The growing U.S. debt

The United States has seen its debt grow significantly over the last 100 years starting from $408 billion in 1922 to $30.93 trillion in 2022. If you look further back into history, the United States’ first major debt crisis occurred during the Revolutionary War. Since then, the U.S. has continued to accumulate debt through a variety of factors such as wars, recessions and government spending. In theory, the national debt is the amount of the money the federal government has borrowed by issuing treasury bonds, bills, notes and inflation-protected treasuries to cover budget deficits. As of the end of 2022, the total U.S. debt stands at over $30 trillion, with a debt-to-GDP ratio of around 123%. This means that the country’s total debt is larger than its annual economic output, which has raised concerns about the sustainability of the debt and its potential impact on future generations.

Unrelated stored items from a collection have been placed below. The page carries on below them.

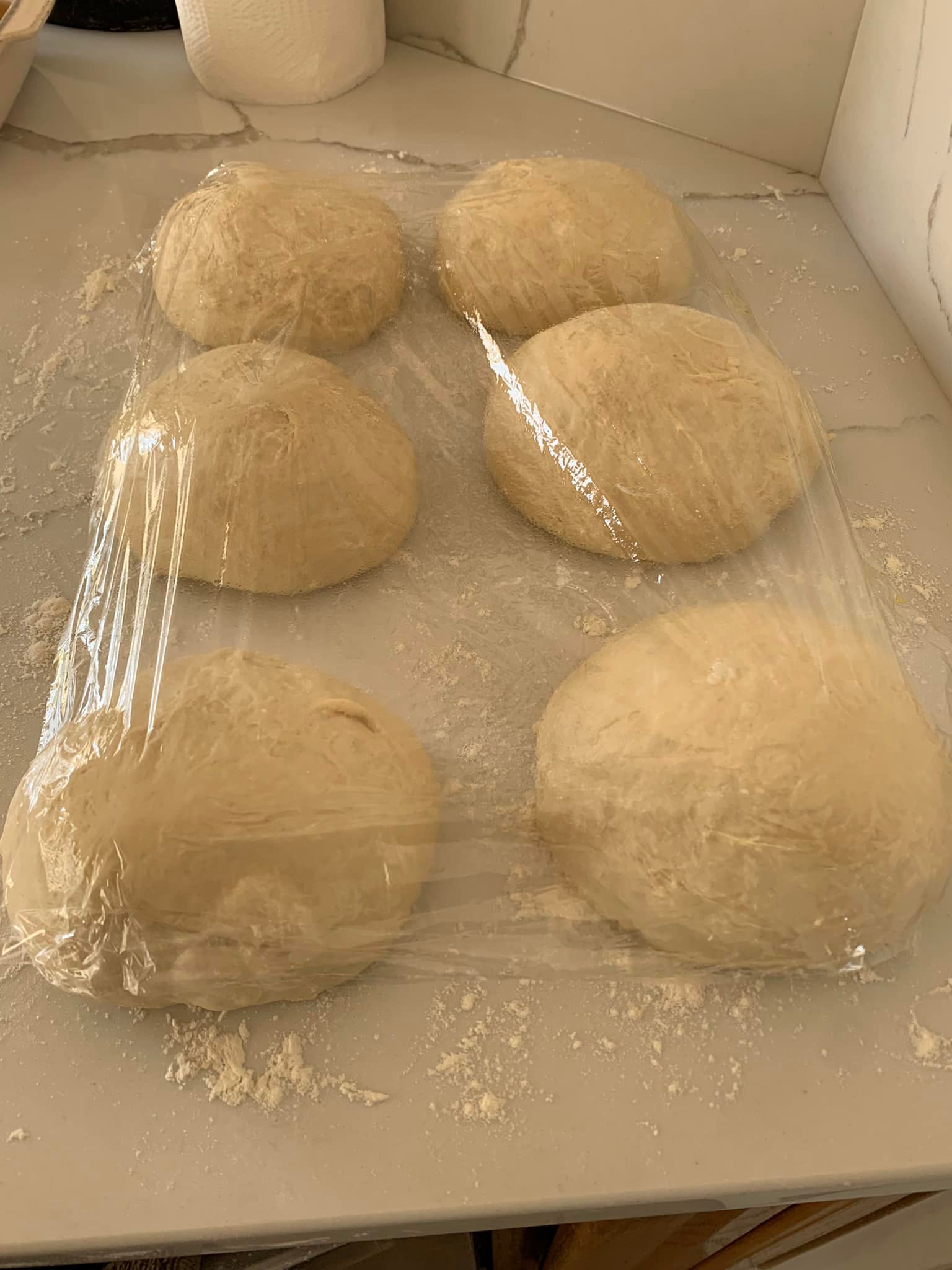 Πασπαλίστε την επιφάνεια εργασίας σας με αλεύρι. Χωρίζουμε τη ζύμη σε 6 μπάλες.
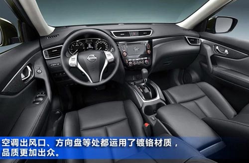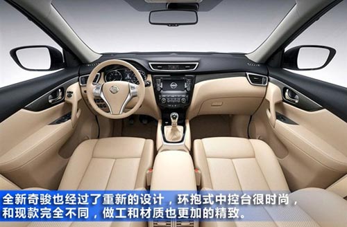 內飾方面,全新奇駿也經過了重新的設計,環抱式中控臺很時尚,和現款完全不同。同時,新奇駿的做工和材質也更加精致了,例如在空調出風口、方向盤等處都運用了鍍鉻材質。這都與現款奇駿的“硬”和“粗”的設計完全不同。
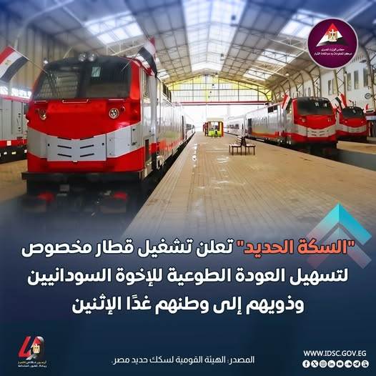 في إطار التعاون المشترك والعلاقات الأخوية الوثيقة بين جمهورية مصر العربية وجمهورية السودان الشقيقة، وفى إطار تنفيذ السكة الحديد لكافة الاجراءات التي تساهم في تيسير العودة الطوعية للأخوة السودانيين إلى السودان الشقيقة.
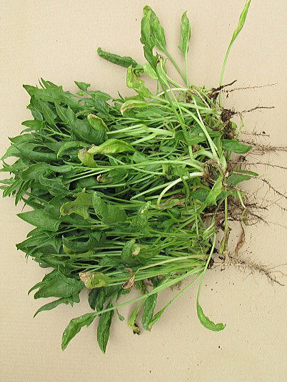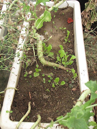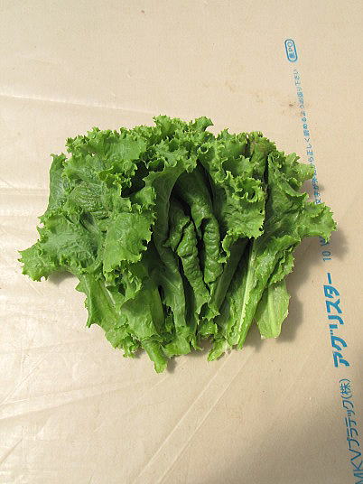 解説:(1)リーフレタスは猛暑の影響で薹立ちが早まった。春栽培では比較的長く収穫できたが、高温には勝てなかった。(2)その様な事情で傷んでいない葉はまとめて収穫した。たぶんこれで最後の収穫になろうかと思います。
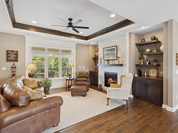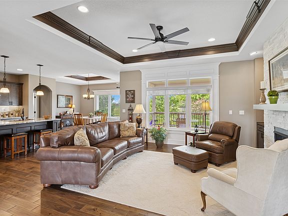 Immaculate ranch home in highly desired Fox Creek Estates. This east facing home provides beautiful sunrises from the front covered porch and beautiful sunsets from the back cedar covered deck. The carefully designed landscaping adds beauty and privacy to the home. Walking in through the front door you are greeted by arched doorways, a decorative railing staircase, gorgeous trim in the windows and tray ceilings, and a beautiful view of the landscaping. The home was built with QUALITY in mind. The rounded drywall corners, solid core doors, engineered hardwood floors, and solid wood shelving in pantry and all closets are things you don't find in most new construction homes. The kitchen boasts a gas stove with vented hood, large drawers and cabinets, pantry, undercabinet lighting, backsplash and a new refrigerator. The dining area has executive wainscoting and a tray ceiling. The great room features a gas fireplace with built in bookcases and a tray ceiling. The primary suite has an oversized tile shower and the closet has access to the laundry area. Two more bedrooms and bath round out the first floor. Moving downstairs is the wet bar with upper and lower cabinets and a full size refrigerator. The free standing island/table makes entertaining easy. Two more bedrooms and bath complete this area. Add in a 50 gallon water heater, humidifier, work bench in the garage, central vac and irrigation, this home has it all. Waukee NW feeder and walking distance to Grant Ragan Elementary.

Factors contributing to U.S. debt

The U.S. national debt is the accumulation of budget deficits over the years. In other words, it is the result of the mismatch between government spending and revenues. The Congressional Budget Office (CBO) projects that federal spending will climb from 23.7% of gross domestic product (GDP) in 2023 to 30.2% by 2053; that growth is largely due to spending on healthcare and retirement programs for elderly Americans along with rapidly growing interest costs. Revenues, on the other hand, are only projected to climb from 18.3% of GDP in 2023 to 19.1% in 20531.

The government spending on entitlement programs like Medicare and Social Security benefits, defense spending, and the interest paid on servicing the existing debt have been the biggest contributors to the U.S. debt over the years. With our population aging and life expectancy increasing, Medicare and Social Security spending will continue to increase at the same time. The U.S. has historically been able to maintain relatively low borrowing costs due to its status as a global economic powerhouse and the use of the U.S. dollar as a reserve currency. As of February 2023, debt servicing contributes to 12% of total federal spending; however, continued growth in U.S. debt could eventually lead to even higher borrowing costs and other economic challenges.

Who owns the U.S. national debt?

U.S. debt owners can be broken down into intragovernmental debt. Intragovernmental debt is held by the Federal Reserve and Social Security and other government agencies. Public debt is held by the public: individual investors, institutions and foreign governments. Internationally, Japan is the largest holder of U.S. debt, followed by China.

U.S. debt ceiling

The debt ceiling or limit is the restriction on the amount of the outstanding debt that the Federal Reserve can incur. It was created by the U.S. Congress in 1917. Once the debt ceiling is reached, the federal government cannot increase the amount of outstanding debt, losing the ability to pay bills and fund programs and services. The U.S. Government hit its debt ceiling in January of this year. Currently, the U.S. Treasury is using “extraordinary measures” to keep the government running. These measures include suspending payments to some government employee savings programs, underinvesting in certain government funds and delaying auctions of securities. The Treasury Department says it expects extraordinary measures to keep the government afloat until June.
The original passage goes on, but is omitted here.